Revolution Roofing racked up close to $30m in losses before collapse
Revolution Roofing racked up close to $30m in losses leading up to its collapse, sparking claims the company may have been trading while insolvent.
Revolution Roofing racked up close to $30m in losses in the three and a half years leading up to its collapse, according to a report from administrators, who claim the company may have been trading while insolvent.
The report to creditors of the steel products supplier shows the company made losses of between $8m and $10m in each of the three financial years up to 2021-22, and a further $2.3m in the five months before administrators were called in on December 6.
With debts mounting, the company entered into a series of payment plans with the ATO and trade creditors, and by June 2022 more than a quarter of its debts to trade creditors were more than 120 days overdue, the report shows.
In his report, administrator Glenn Franklin from PKF suggests the company’s deteriorating financial position meant it was likely to have been trading while insolvent from June 2022.
“It is the administrators’ view that it is likely the company traded whilst insolvent from June 2022, being the time in which the company was experiencing significant monthly losses as well as increasing debts owed to trade creditors and statutory creditors,” the report says.
Under the Corporations Act, a director can be held personally liable for debts incurred by a company during a period in which it’s deemed to be trading while insolvent.

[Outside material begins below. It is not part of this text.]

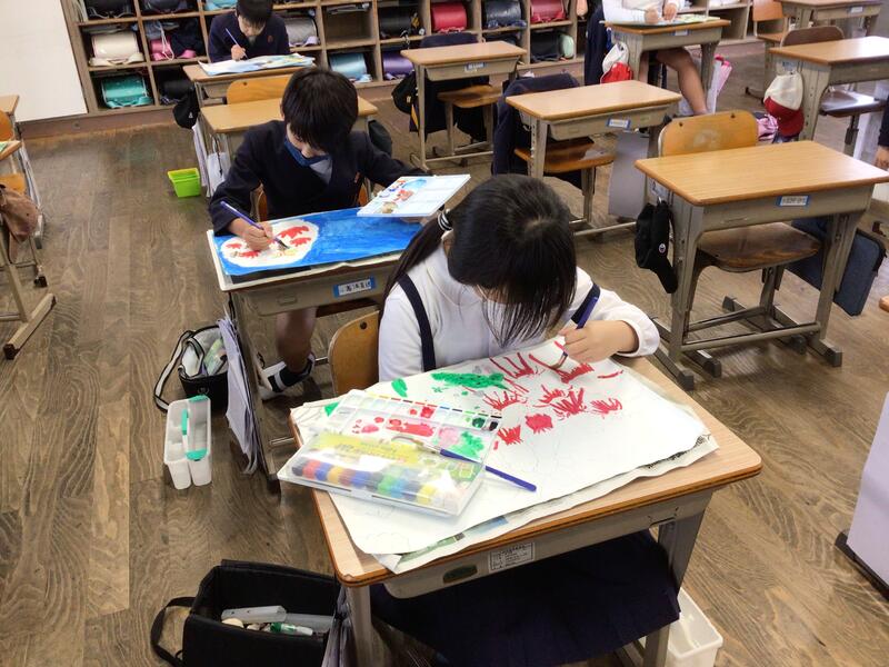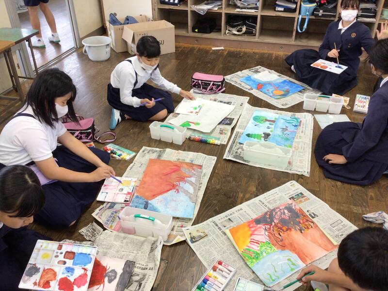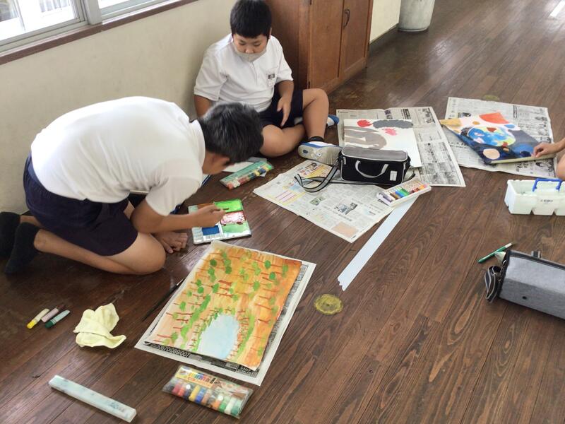 図工では、読書感想画に取り組んでいます。今回は、課題図書「気候変動のれきし」に取り組んでいます。教室だけでなく、自分が取り組みやすい場所を選び、一生懸命頑張っています。色の塗り方やどんな感想をもって絵に表したいかを意識しながら取り組んでいます。来週完成予定です。色を塗り込んで、より良い作品になるように、声かけを続けていきます。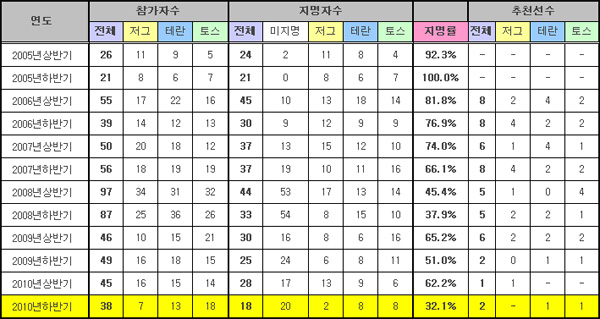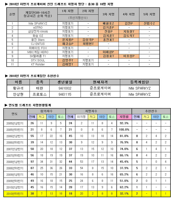 ...사단법인 한국e스포츠협회(회장 조기행)는 ‘2010년 하반기 스타크래프트 프로게이머 신인 드래프트’를 23일 13시 협회 지하 1층 대강당에서 개최했다. 이번 드래프트는 공군 팀을 제외한 11개 스타크래프트 프로게임단 코칭스텝이 참여해 참가 선수들의 이력을 살피고 드래프트 평가전

Administrators estimate that Revolution Roofing’s debts increased by about $3.1m from June 2022 to the time of their appointment.
Mr Franklin’s report says preliminary investigations have also uncovered several potential unfair preference payments that could potentially be recovered if the company is placed in liquidation.
They include close to $2m in payments to the ATO and other payments made to creditors in the six months leading up to the company’s collapse.
In February receivers from Grant Thornton struck a deal to sell the Revolution Roofing business to Victoria’s Design Group, effectively bringing to an end attempts by founder and director John Easling to claw back control of the company through a deed of company arrangement (DOCA).
He had been seeking the support of ‘special situations’ investment firm Arbitrium Capital Partners to back the DOCA proposal, which involved a plan to contribute $19m towards the repayment of creditors.
Grant Thornton has requested that a second creditors meeting, set down for April 26, be adjourned to give it more time to close the sale deal, which was conditional on the agreement of landlords to transfer leases to Design Group.
It is understood the sale date has been pushed back several times, but Grant Thornton’s David Hodgson said the sale was now unconditional, and settlement was likely within two weeks.
The $88m collapse of Revolution Roofing and sister company Nexteel was the largest corporate insolvency in South Australia since the collapse of York Civil in 2018.
Administrators were appointed to the Regency Park-based businesses amid soaring steel prices and ongoing supply chain issues.
Receivers were later appointed to take control of the company’s affairs by ASX-listed finance company and secured creditor Earlypay in a bid to recover close to $29m owed to it.
The sale to Design Group is expected to secure the jobs of about 170 workers, mostly in South Australia.
As part of the deal Design Group will acquire the Nexteel brand but its operations have been shut down leading to the loss of close to 20 staff, mostly in Newcastle, NSW.